La réalité est, comme souvent, beaucoup plus nuancée. Selon le journaliste Robert Hart de The Verge, ce récit héroïque occulte des faits scientifiques essentiels.
L’IA est un assistant, pas un créateur
Première chose à savoir : ChatGPT n’a pas conçu le vaccin. Paul Conyngham a utilisé le chatbot comme un assistant de recherche. Il a fouillé la littérature médicale et identifié des pistes comme l’immunothérapie. C’est du travail documentaire, pas de la création biologique.
Le véritable travail a été effectué par des humains en blouse blanche. Ce sont les chercheurs de l’Université de Nouvelle-Galles du Sud (UNSW) qui ont établi le profil génétique du cancer de Rosie. Sans ces experts et leurs séquenceurs, les suggestions de l’IA ne seraient restées que du texte sur un écran.
Concernant AlphaFold, l’outil de Google DeepMind, son rôle est tout aussi spécifique. Il aide à prédire la structure des protéines pour formuler des hypothèses. Mais le professeur David Ascher précise sur The Verge que ce n’est pas un système « clé en main » pour fabriquer des remèdes. On est loin de l’application magique.
Quant à l’intervention de Grok, l’IA d’Elon Musk, elle ressemble davantage à une opération de communication. Paul Conyngham affirme que Grok a « conçu la structure finale » du vaccin. Pourtant, personne ne sait concrètement ce que cela signifie.
Rosie va mieux, elle court après les lapins, et c’est une excellente nouvelle. Mais elle n’est pas guérie. Certaines de ses tumeurs ont diminué, une autre n’a pas réagi du tout.

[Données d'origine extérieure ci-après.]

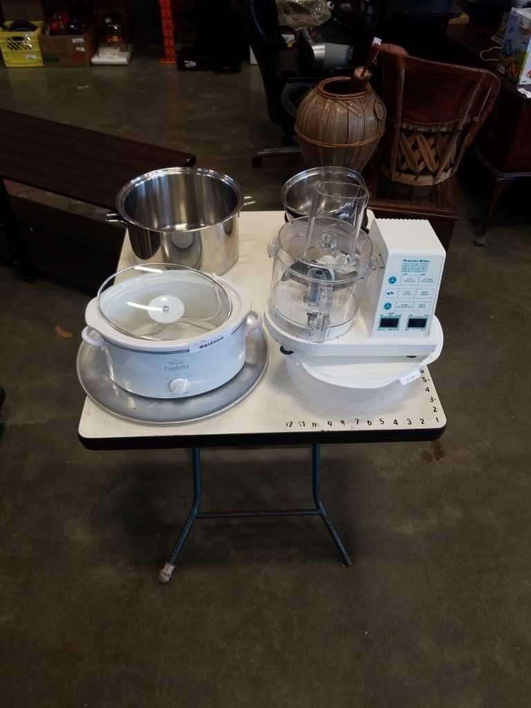 CROCK POT SLOW COOKER, FOOD PROCESSOR WITH POTS AND PANS

Paul Conyngham lui-même l’admet : ce n’est pas une guérison totale.
Le problème, c’est que ce traitement n’est pas le fruit de la seule IA. Rosie a reçu un vaccin à ARNm personnalisé en même temps qu’une immunothérapie classique. Il est donc scientifiquement impossible de savoir quelle part du succès revient au vaccin expérimental et laquelle revient au traitement conventionnel.
Enfin, il y a l’aspect financier. Ce « miracle » n’est pas accessible au commun des mortels. Il a nécessité des dizaines de milliers de dollars et l’accès à des laboratoires de pointe. Ce n’est pas une démocratisation des soins, c’est une expérimentation de luxe pour un propriétaire très bien averti.